Zeroing in on Dopamine

Summary: Researchers have identified the molecular machinery responsible for the release of dopamine. The findings could help develop new treatments for disorders such as Parkinson’s disease and addiction.

Source: Harvard.

Studied for decades for its critical role in movement control and reward-seeking behaviors, the neurotransmitter dopamine has been the focus of numerous efforts to understand its activity, particularly when it goes awry in disorders such as Parkinson’s and addiction.

While researchers have made great strides, less is known about the mechanisms that healthy dopamine cells use to release the neurotransmitter, a gap that has limited scientists’ ability to develop treatments for a range of dopamine-related conditions.

Now, researchers from Harvard Medical School have for the first time identified the molecular machinery responsible for the precise secretion of dopamine in the brain.

Their work, published online in Cell on Feb. 1, identifies specialized sites in dopamine-producing neurons that release the dopamine in a fast, spatially precise manner–a finding that runs counter to current models of how the neurotransmitter transmits signals in the brain.

“The dopamine system plays an essential role in many diseases, but fewer studies have asked the fundamental question of how healthy dopamine neurons release the neurotransmitter,” said senior study author Pascal Kaeser, assistant professor of neurobiology at Harvard Medical School.

“If your car breaks down and you want it fixed, you want your mechanic to know how a car works,” he added. “Similarly, a better understanding of dopamine in the laboratory could have a tremendous impact on the ability to treat disorders in which dopamine signaling goes awry in the long term.”

In the brain, roughly 0.01 percent of neurons are responsible for dopamine production, but they control a broad and diverse range of brain processes, including motor control, the reward system, learning and memory.

Dopamine research has centered on its dysfunction and on the protein receptors that neurons use to receive dopamine, said Kaeser. Despite the neurotransmitter’s importance, studies on how it is released in the brain under normal circumstances have been limited, he added.

Promiscuous No More

To identify the molecular machinery responsible for dopamine secretion, Kaeser and his colleagues focused on dopamine-producing neurons in the midbrain, which are involved in the neural circuitry underlying movement and reward seeking.

They first searched for active zones–specialized neurotransmitter release sites located at synapses, the junctions that connect one neuron to the another. Using super-resolution microscopy to image sections of the brain into which dopamine neurons project, the team found that dopamine neurons contained proteins that mark the presence of active zones.

These zones indicate that a neuron may engage in fast synaptic transmission, in which a neurotransmitter signal is precisely transferred from one neuron to another within milliseconds.

This was the first evidence of fast active zones in dopamine neurons, which were previously thought to engage in only so-called volume transmission–a process in which the neurotransmitter signals slowly and nonspecifically across relatively large areas of the brain.

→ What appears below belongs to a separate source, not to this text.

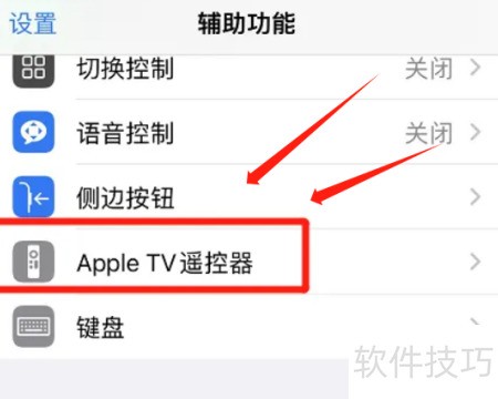 2、 进入辅助功能页面,选择并切换到Apple TV遥控器设置选项。

Active zones were found at lower densities in dopamine neurons than in other neurons, and additional experiments revealed in detail how the neurotransmitter is rapidly secreted and reabsorbed at these sites.

“I think that our findings will change how we think about dopamine,” Kaeser said. “Our data suggest that dopamine is released in very specific locations, with incredible spatial precision and speed, whereas before it was thought that dopamine was slowly and promiscuously secreted.”

In another set of experiments, the researchers used genetic tools to delete several active zone proteins. Deleting one specific protein, RIM, was sufficient to almost entirely abolish dopamine secretion in mice. RIM has been implicated in a range of diseases including neuropsychiatric and developmental disorders.

Deleting another active zone protein, however, had little or no effect on dopamine release, suggesting that dopamine secretion relies on unique specialized machinery, the authors said.

“Our study indicates that dopamine signaling is much more organized than previously thought,” said study first author Changliang Liu, an Alice and Joseph Brooks Postdoctoral Fellow and a Gordon Fellow in the Kaeser lab.

Super-resolution microscopy reveals the presence of active release sites (green) on dopamine neurons (purple). NeuroscienceNews.com image is credited to Kaeser lab.

“We showed that active zones and RIM, which is associated with diseases such as schizophrenia and autism spectrum disorders in human genetic studies, are key for dopamine signaling,” Liu said. “These newly identified mechanisms may be related to these disorders and may lead to new therapeutic strategies in the future.”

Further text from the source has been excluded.